* PROVIDED DATA:
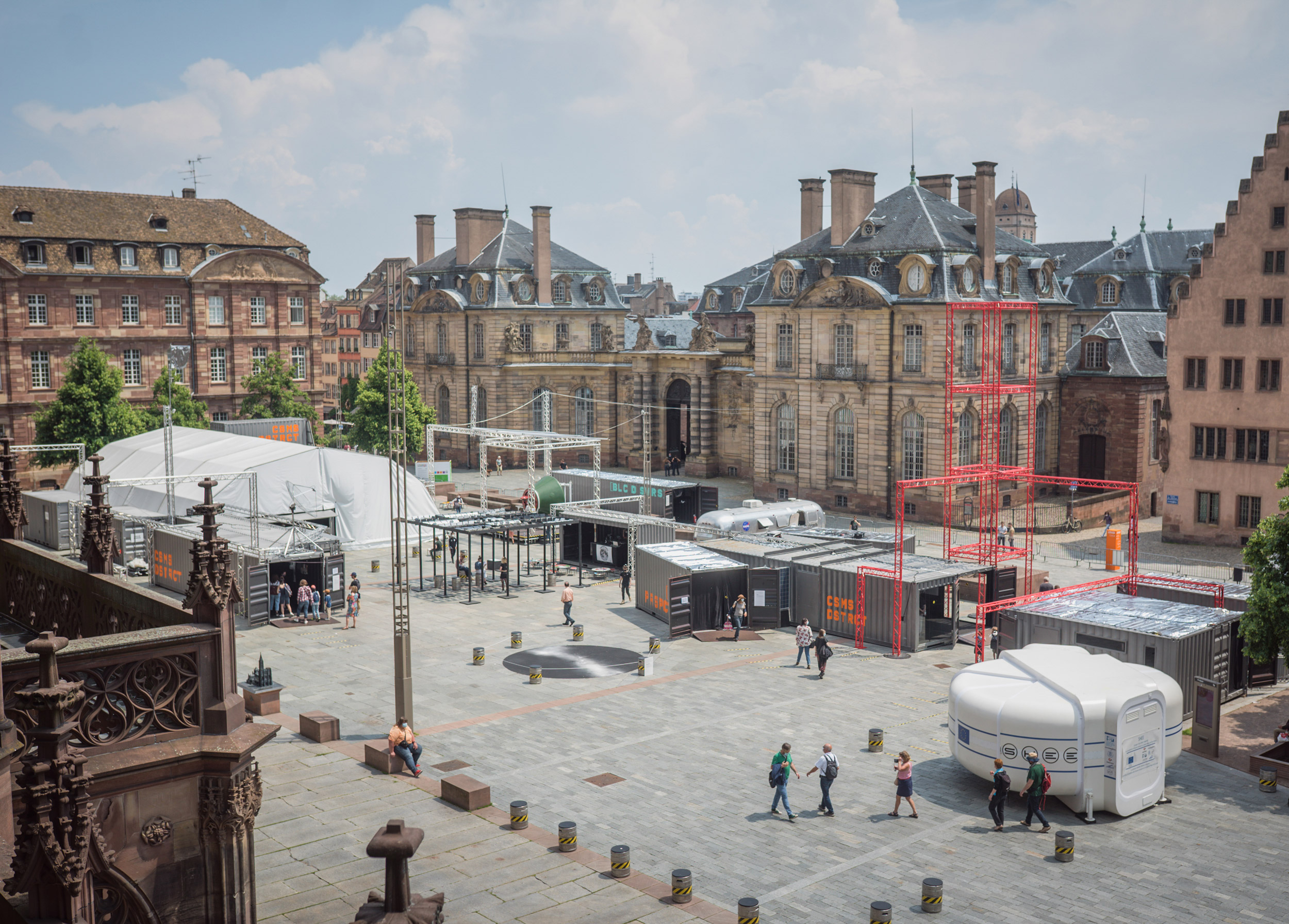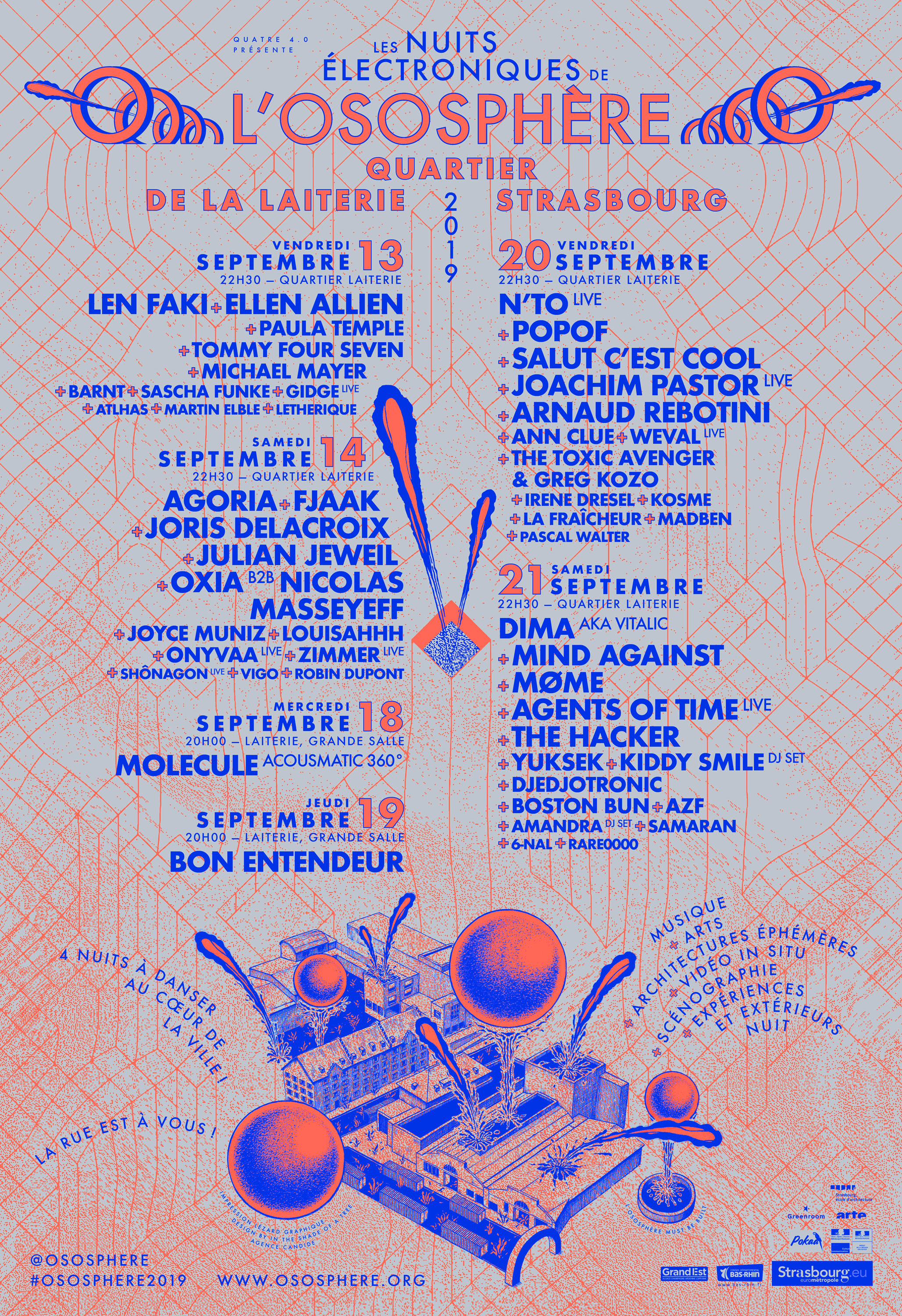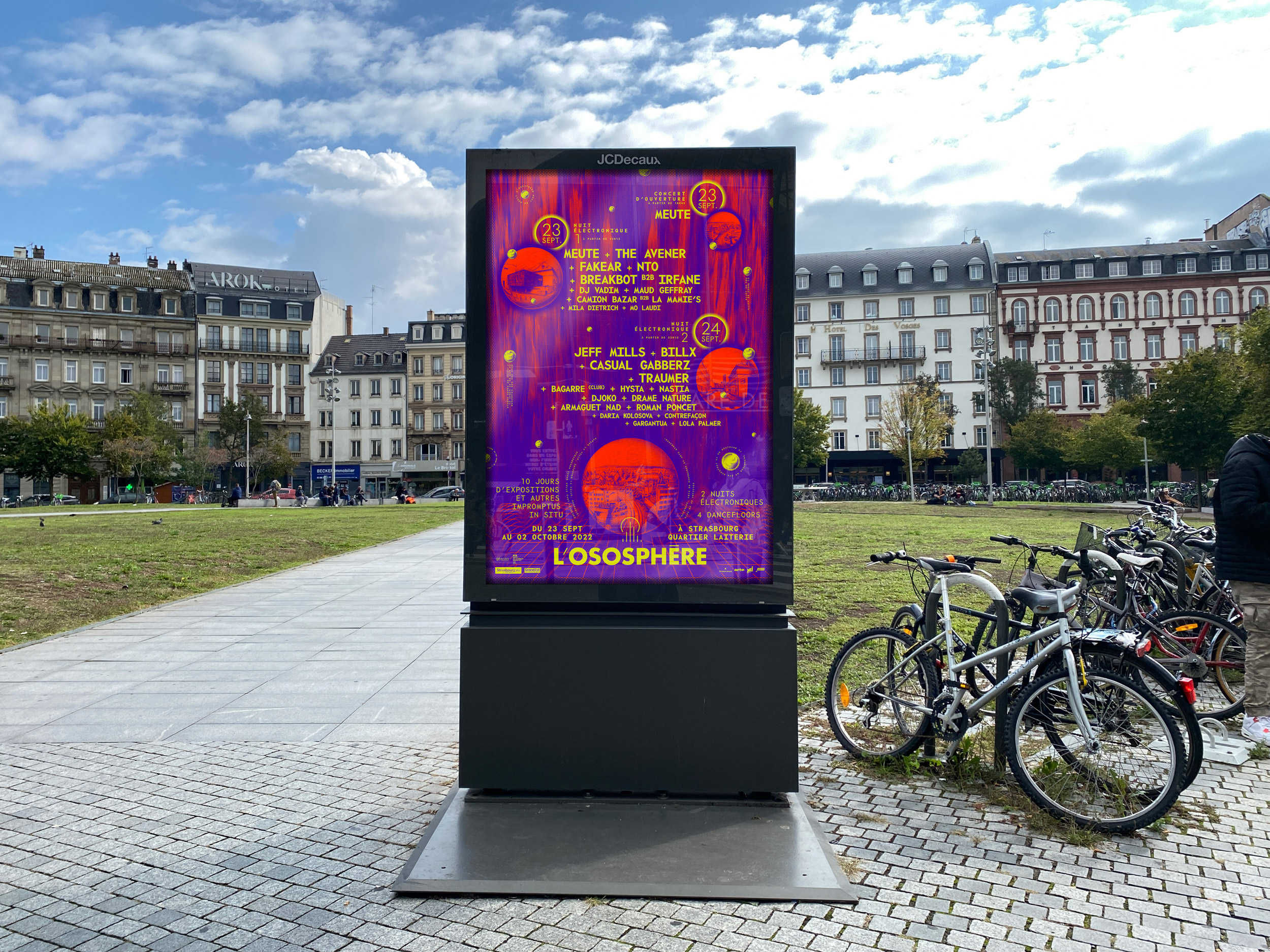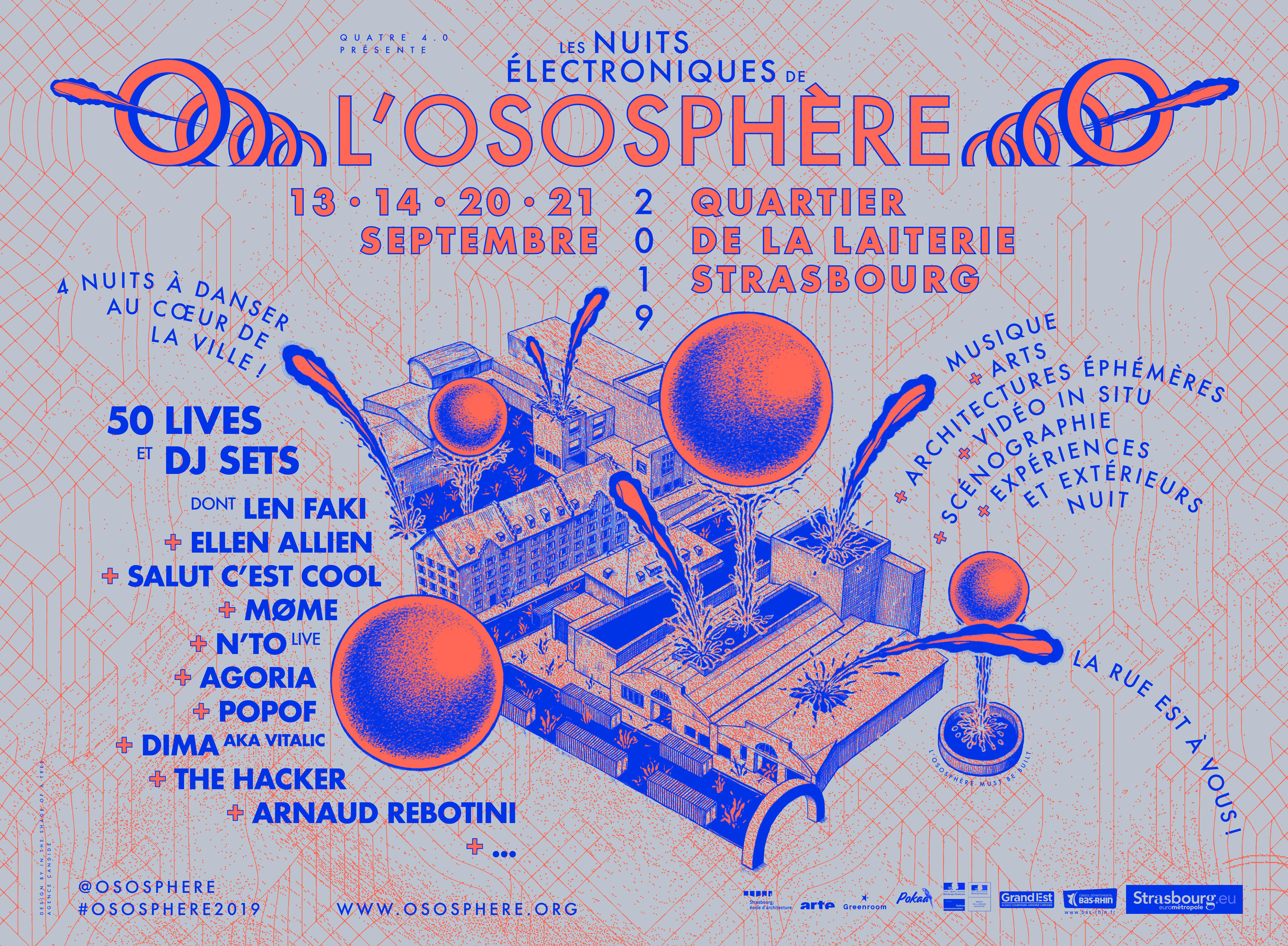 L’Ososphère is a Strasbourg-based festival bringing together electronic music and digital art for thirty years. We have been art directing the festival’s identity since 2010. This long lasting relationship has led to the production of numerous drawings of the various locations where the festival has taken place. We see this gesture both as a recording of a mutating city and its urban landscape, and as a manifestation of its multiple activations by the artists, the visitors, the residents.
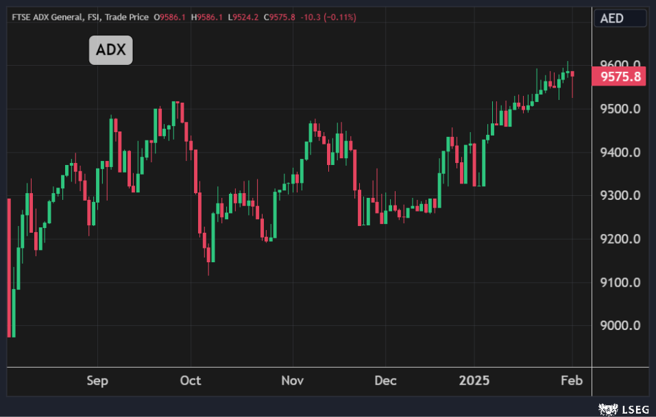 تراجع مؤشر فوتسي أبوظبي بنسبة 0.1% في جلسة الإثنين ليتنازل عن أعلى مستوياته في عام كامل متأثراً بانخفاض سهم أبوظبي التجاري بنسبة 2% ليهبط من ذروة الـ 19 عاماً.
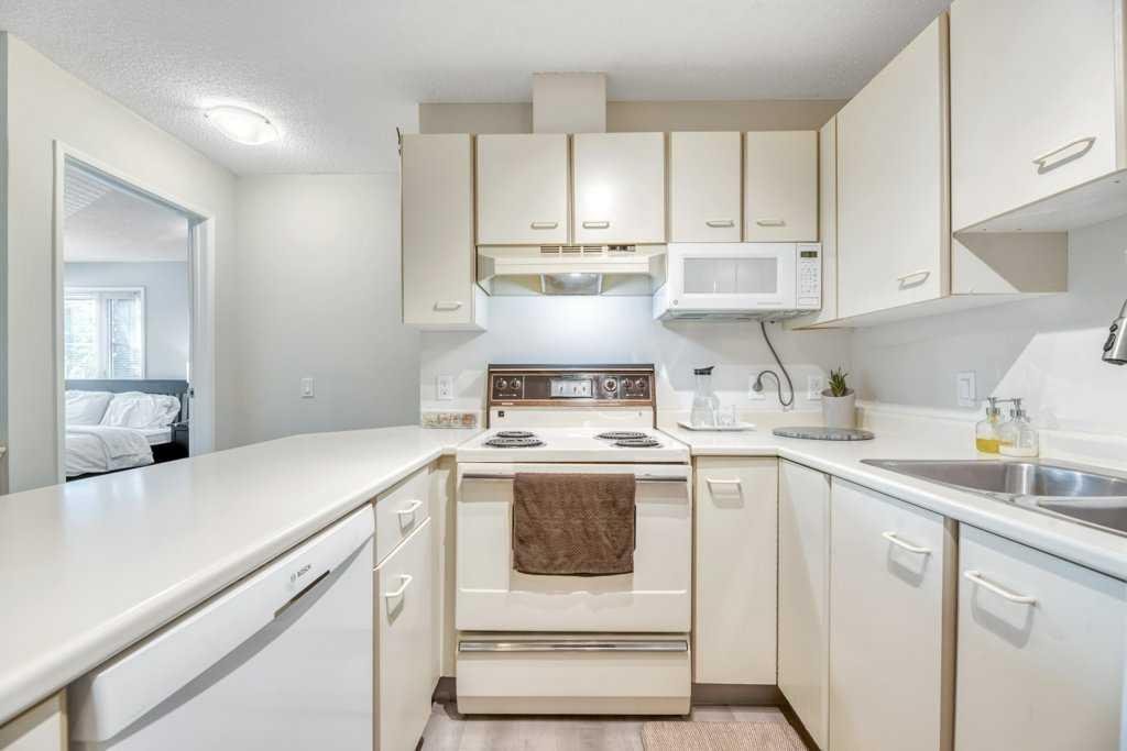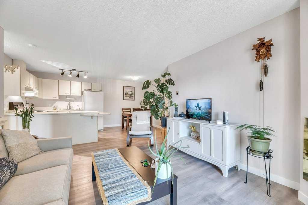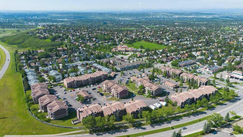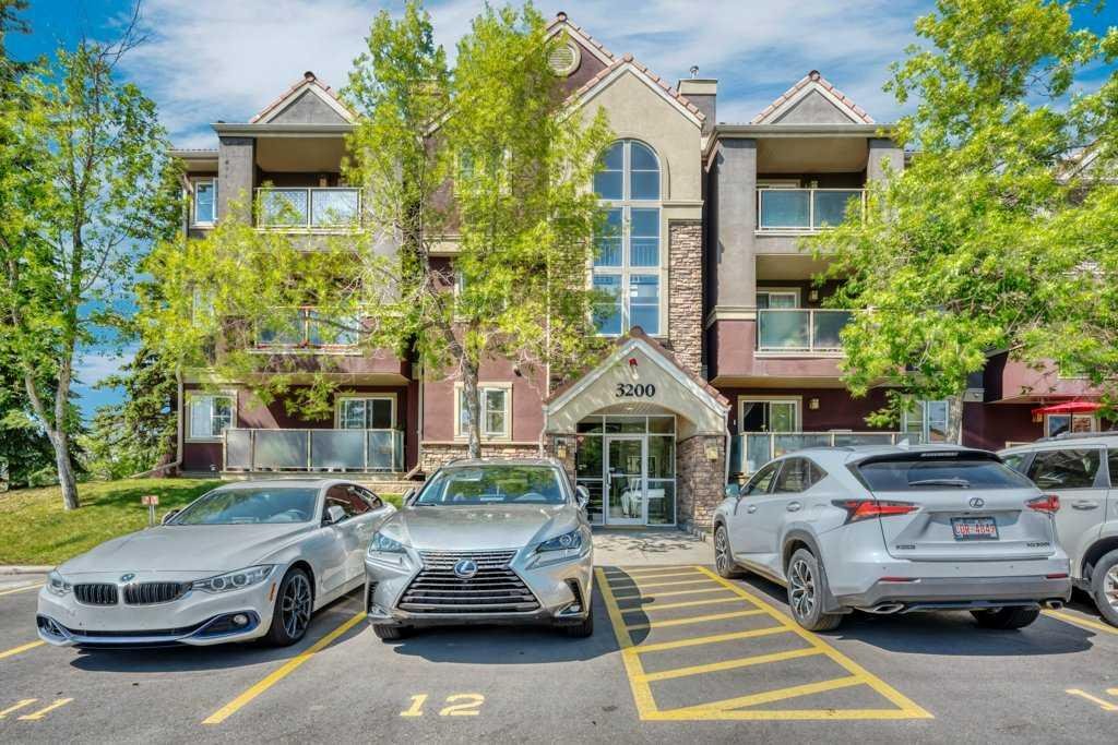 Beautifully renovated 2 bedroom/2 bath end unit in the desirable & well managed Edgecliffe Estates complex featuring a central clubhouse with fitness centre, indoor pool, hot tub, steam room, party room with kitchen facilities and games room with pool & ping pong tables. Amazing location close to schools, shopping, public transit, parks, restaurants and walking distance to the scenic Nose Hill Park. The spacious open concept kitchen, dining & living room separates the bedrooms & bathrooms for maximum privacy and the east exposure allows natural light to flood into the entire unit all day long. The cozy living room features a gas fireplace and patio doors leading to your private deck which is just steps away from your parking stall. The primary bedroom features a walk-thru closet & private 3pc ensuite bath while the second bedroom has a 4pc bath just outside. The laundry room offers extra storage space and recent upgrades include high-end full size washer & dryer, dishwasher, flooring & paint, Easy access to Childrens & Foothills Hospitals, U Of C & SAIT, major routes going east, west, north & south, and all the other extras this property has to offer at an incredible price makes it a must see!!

* YOUR GOAL:
Pictures excluded, repeat the material above from its first line through the line containing "تراجع مؤشر فوتسي", both included.

* YOUR SOLUTION:
 L’Ososphère is a Strasbourg-based festival bringing together electronic music and digital art for thirty years. We have been art directing the festival’s identity since 2010. This long lasting relationship has led to the production of numerous drawings of the various locations where the festival has taken place. We see this gesture both as a recording of a mutating city and its urban landscape, and as a manifestation of its multiple activations by the artists, the visitors, the residents.
 تراجع مؤشر فوتسي أبوظبي بنسبة 0.1% في جلسة الإثنين ليتنازل عن أعلى مستوياته في عام كامل متأثراً بانخفاض سهم أبوظبي التجاري بنسبة 2% ليهبط من ذروة الـ 19 عاماً.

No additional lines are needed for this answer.